Thanks for posting those piccies. Great stuff! They all seem to be Monotype or Linotype though.
I knew that Linotype & Machinery Ltd had taken over the UK Intertype hot metal business after Harris Intertype gave up on it and had shut the Slough factory down - so the last 2 Linotypes to be built new in the UK were actually existing machines reconditioned to factory specification using new parts by Mike Kirby of Linecasting Machinery Ltd (now at Whitstable, Kent, UK, but not sure if he was already located there then) in 1985 under contract to L&M, while the last two UK Intertypes were built the same way by him for, and using parts supplied by, the Linotype factory at Altrincham in 1986. I understand that Mike is the last full-time professional linecaster engineer in the UK who can still recondition machines to factory spec, though he is a general printing machinery engineer nowadays, as he'd starve if he was only doing linecasters. I understand that Brian Russell of the British Printing Society's Shropshire branch is a retired linecaster engineer too, and that a retired former Intertype assembly specialist from the Slough factory gave a lot of help to a BPS member in the Berkshire area in sorting out poblems with his Intertype a year or so ago. How many people do we still have in the UK with amateur and professional linecaster engineering skills, and where are they?
Lovely pictures, but no picture of the Thompson caster?

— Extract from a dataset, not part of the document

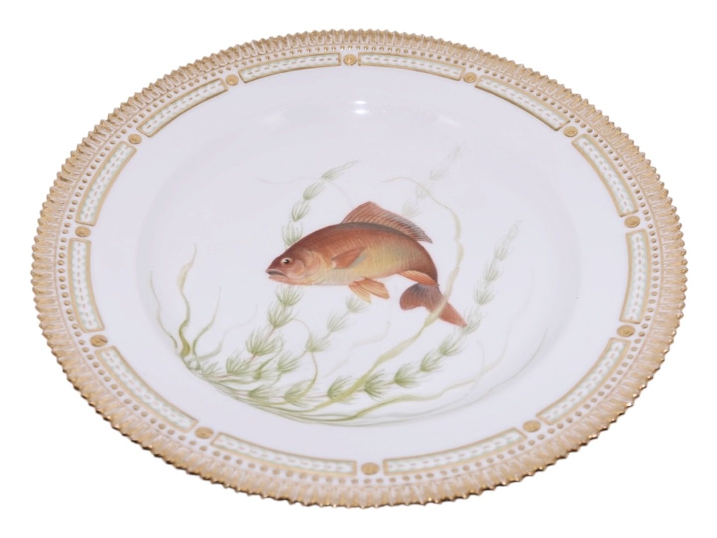 Royal Copenhagen Flora Danica, middagstallerken dekoreret med fisk.

Of course, the business was taken over by Lanston Monotype, but I understand that they kept producing them until the very end.
Monotypes and Thompsons aren't linecasters, but they are certainly hot metal machines - wasn't this site called the hot metal site in its previous incarnation? - and they certainly produce metal type. Do we have enough Forum members interested in them, to have a chatroom for afficionados of casting machines that produce individual types?
Re that strange Intertype Model A that Dan mentioned, the point about the Intertype that made them superior in their own way to the Linotype was that the A, B and C were the same machine, the letter indicating whether they had 1, 2 or 3 magazines, and Intertype made a big thing out of the modular standardisation of their machines, claiming that any part would fit any standardised Intertype machine that had ever been produced, even though old and new parts might look quite different.
Apart from the difference between mould depths between US and UK machines that seems to have originated in machinery being available in the UK when production started in the original Manchester factory that would allow a lower shoulder to be used, with less risk of ink inadvertently transferring to the job off the shoulder as well as the face of the slug, the Intertype was standardised on both sides of the big ditch too, whereas UK and US model ranges had significant variations between models even before the UK went entirely its own way with the Model 48, roughly 70 years ago.
As a result, Intertype instruction books, whether the single volume or the 4-part version, and the parts manuals (unless they are very early ones that only cover the A, B and/or C) are universally applicable regardless of the model or country of origin, and they are still readily available in the UK, whereas instruction books and parts books for UK Linotypes are far more specific to particular models and their variants, you can't rely on a part from one model being interchangeable with the same part from another model, and US documentation is generally not relevant to UK models.
Maybe that modular standardisation explains the Harris Intertype Model C that I found last month, with a very late serial number, fitted with the "New Streamlined Intertype" square base and the "New Streamlined Intertype" Model C3 arrangement of front-loading magazines. Maybe an old C that had been factory-reconditioned to as-new specification, using standard C3 parts where Model C parts were no longer available from stock? Would that make sense?
Which makes me wonder if that strange Model A that Dan menions was either a very early production line example, or possibly even one of the very few handcrafted prototype machines that were manufactured to break ino the market, before the poduction line was set up to manufacture the Model A in quantity. As I recall, the A was the only model available to start with, and was then made available as the B (with 2 magazines) or as the C (with 3), as the demand built up.